You don’t wake up in the morning thinking that day will be the day you save a life, treat an injury, or prevent disaster. But the reality of confined space work is that you may be called on to do just that.

With your training, guidance, confidence, and cool head, you and your crew stand a better chance of going home safe at the end of the day.

That is the reason we, here at Pelsue, go to work for you.

Frequently Asked Questions:

  •  What is a confined space rescue plan?

A confined space rescue plan is a document that outlines protocols and procedures for evacuation of a confined space based on that space’s specific layout, hazards, and other factors. For a more detailed explanation of confined space rescue plans, please see our prior post on the subject.

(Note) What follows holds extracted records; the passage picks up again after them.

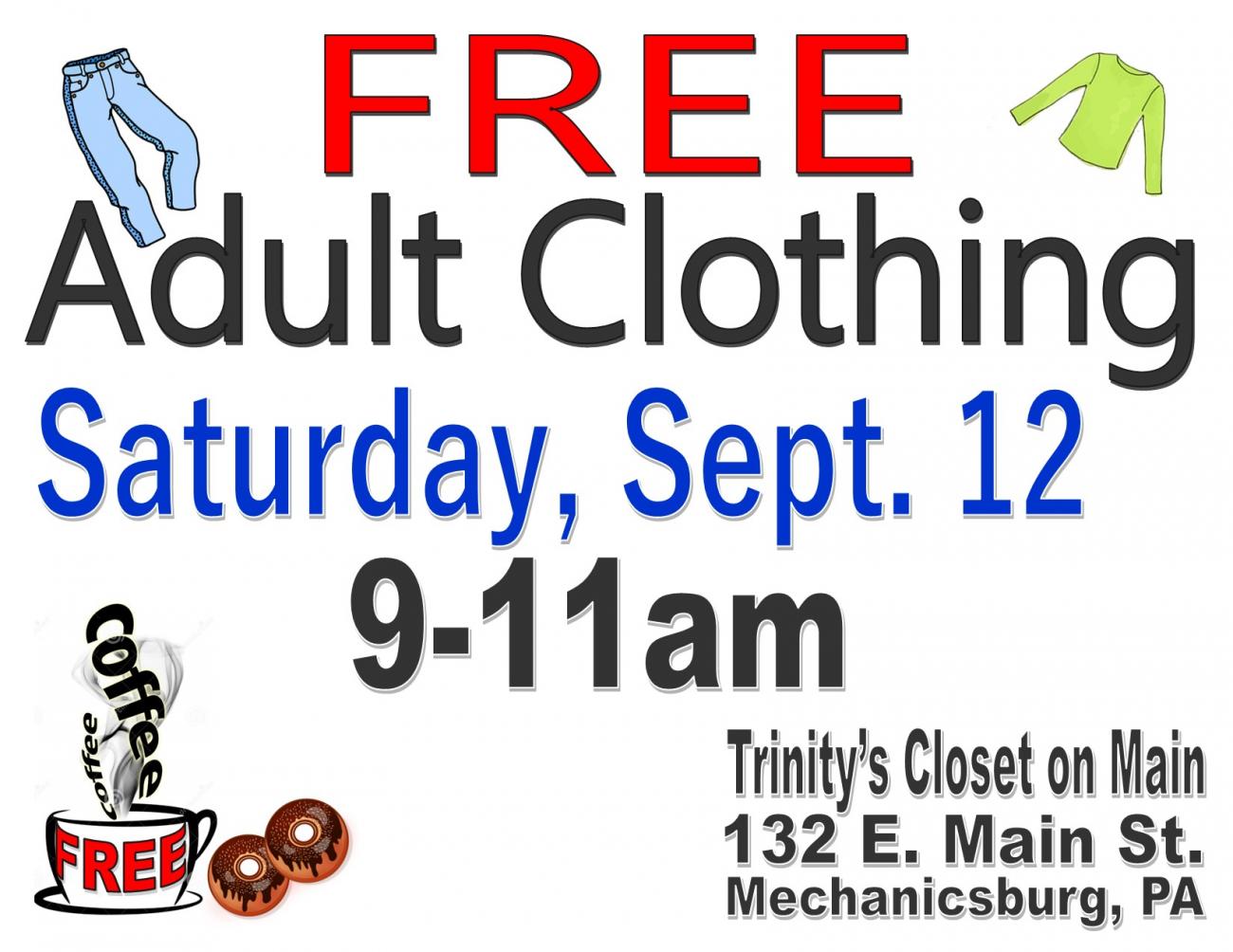 Free, seasonal adult clothing in all sizes is offered monthly (except for January). All are invited to come and browse through the selection and take what you can use!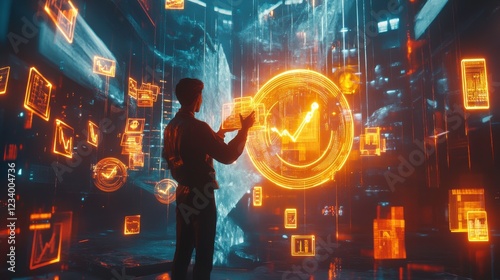 A person interacts with glowing digital graphics, displaying data and analytics in a futuristic, tech-driven environment.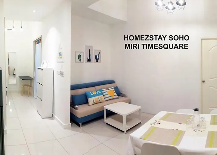 Tempat ini terletak dalam jarak 10 minit berjalan kaki dari pusat bandar Miri. Pangsapuri ini terletak 2.5 km jauhnya dari Surau Hidayatullah & Pusat Sumber Ilmu. Banyak pilihan tempat makan terdapat di Ayam Penyet Ria, dalam jarak 6 minit berjalan kaki dari pangsapuri Homezstay Soho Timesquare Miri. Pangsapuri ini terletak di luar Soon Hup Tower.
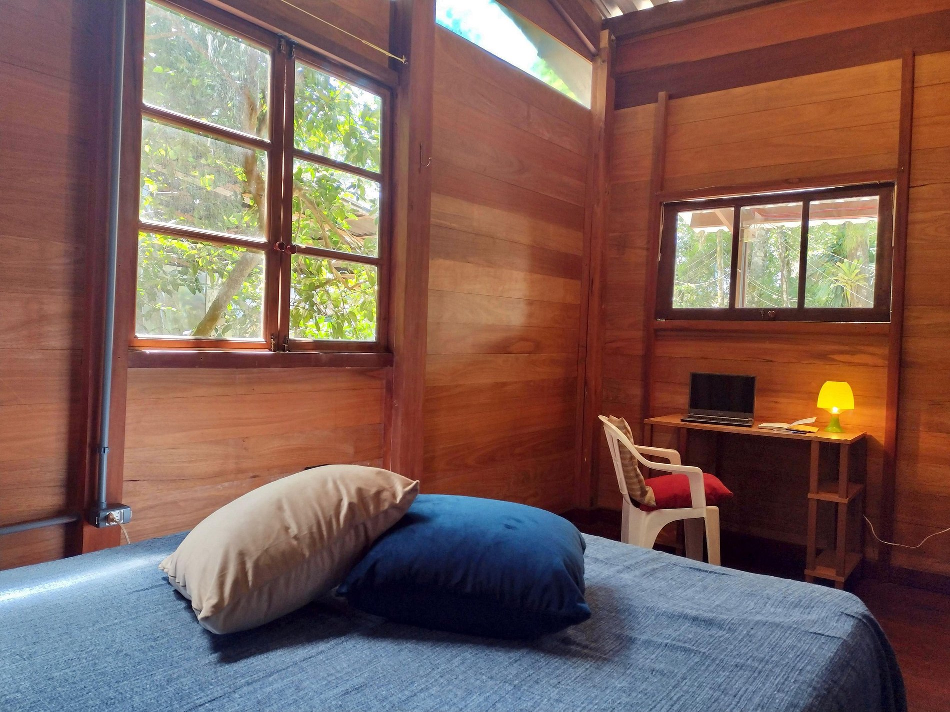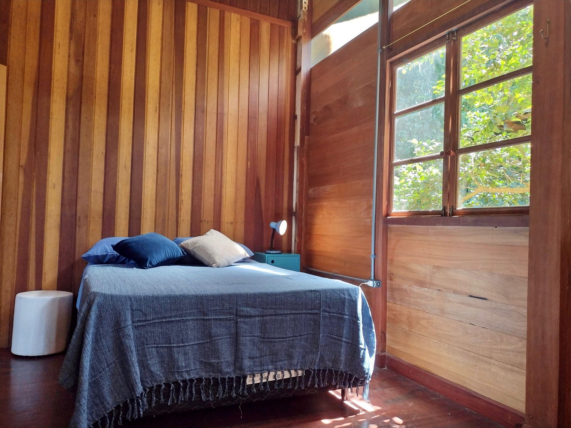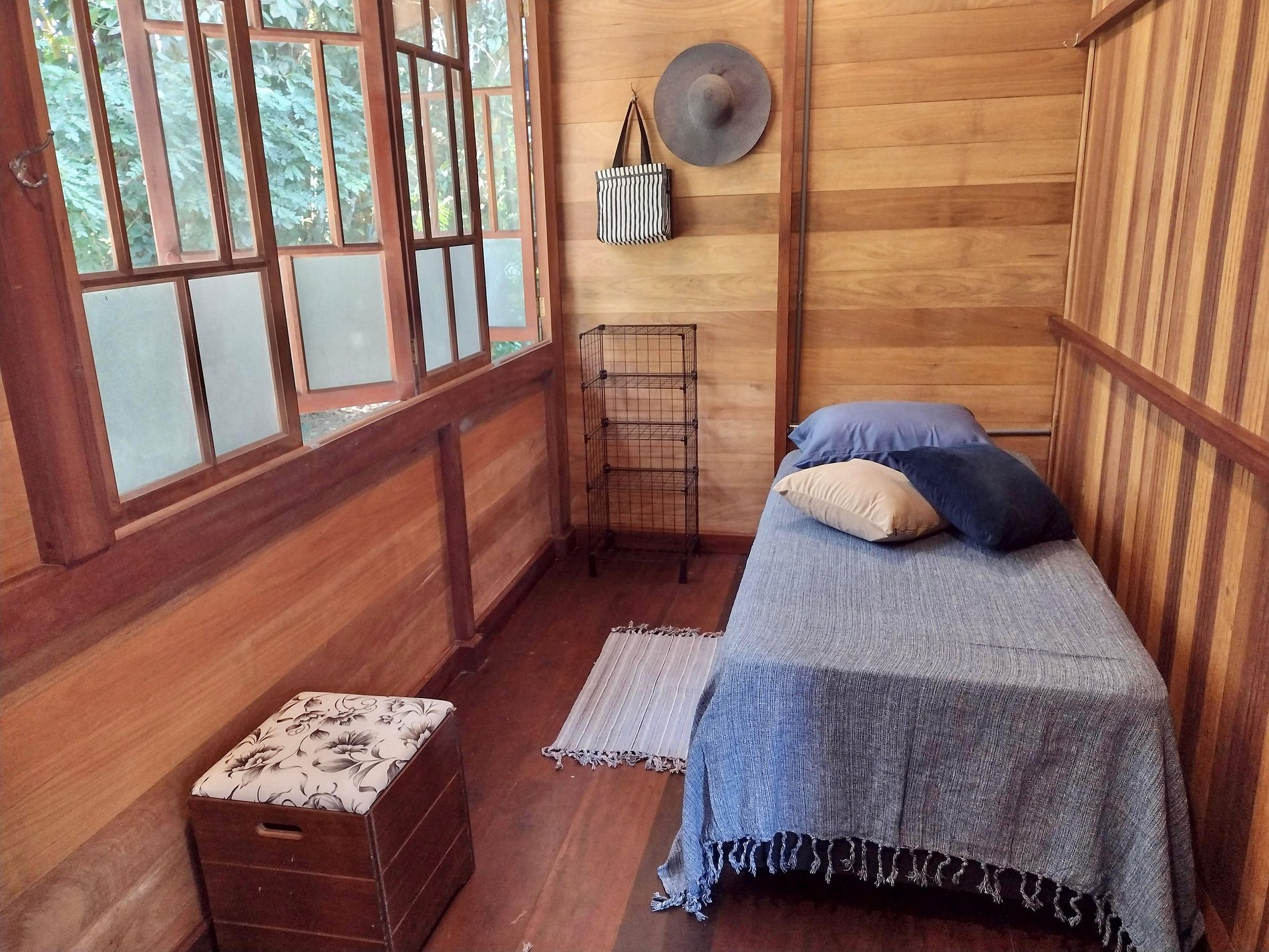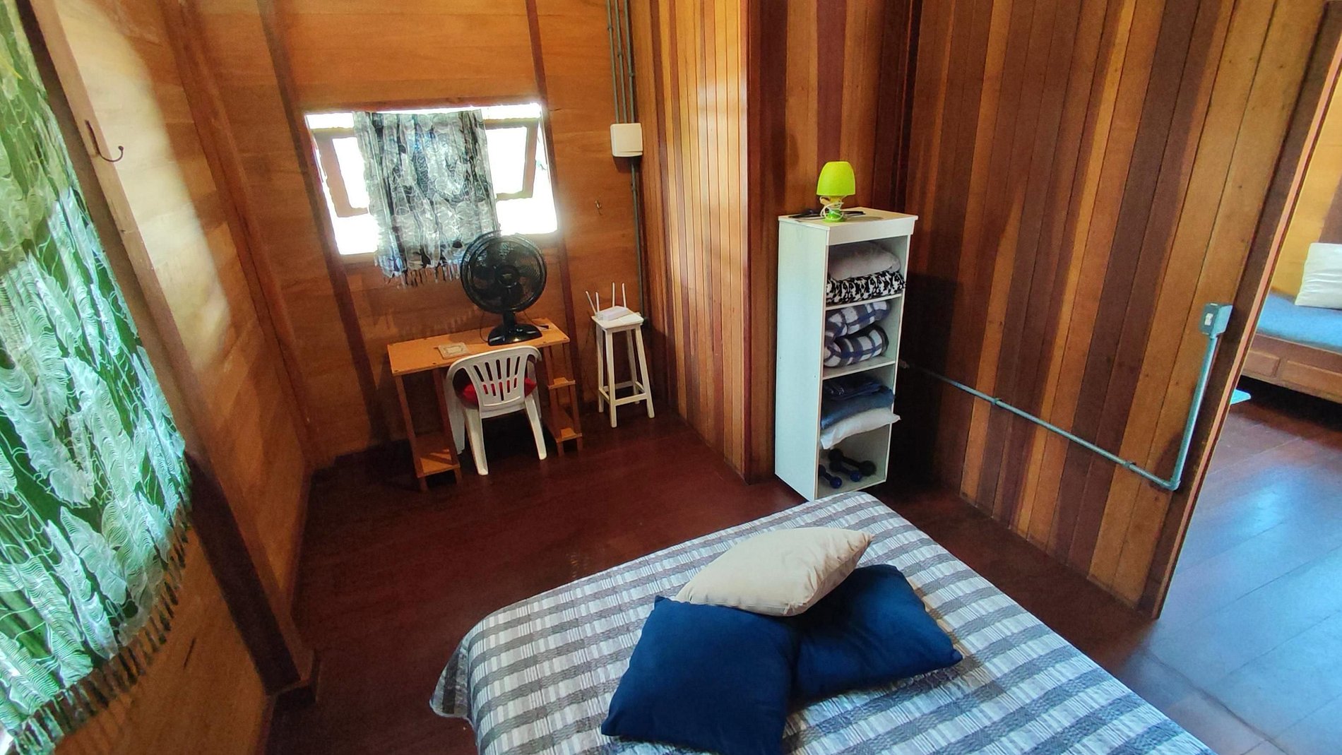 Quarto 2: cama de solteiro, ventilador de chão e vista para a mata.

  • What is non-entry rescue?
    As outlined in an earlier post, a non-entry rescue is when an injured worker is retrieved from a confined space without sending in additional entrants. It is the OSHA-preferred rescue scenario, but is only permitted in situations where it can be reasonably assumed to work and when rescue equipment will not create an additional hazard to the worker.
  • Do confined space rescuers need first aid and CPR training?

OSHA requires that at least one member of the rescue team (or outside service) carry an up-to-date certification in both CPR and first aid. Additionally, all members of the rescue team are required to have passed this training. It is advisable for more than one member of your rescue team to carry a current certification, in case the other member becomes incapacitated.

  • How do I know if local emergency services are trained in confined space rescue?

If you must rely on municipal or private agencies for confined space rescue, it’s incumbent upon you to contact those agencies before deploying to make sure they meet the applicable OSHA criteria. OSHA gives employers evaluation criteria to help you determine whether an agency meets qualifications. You must name a rescue team (whether in-house or outside) before you enter a permit-required confined space.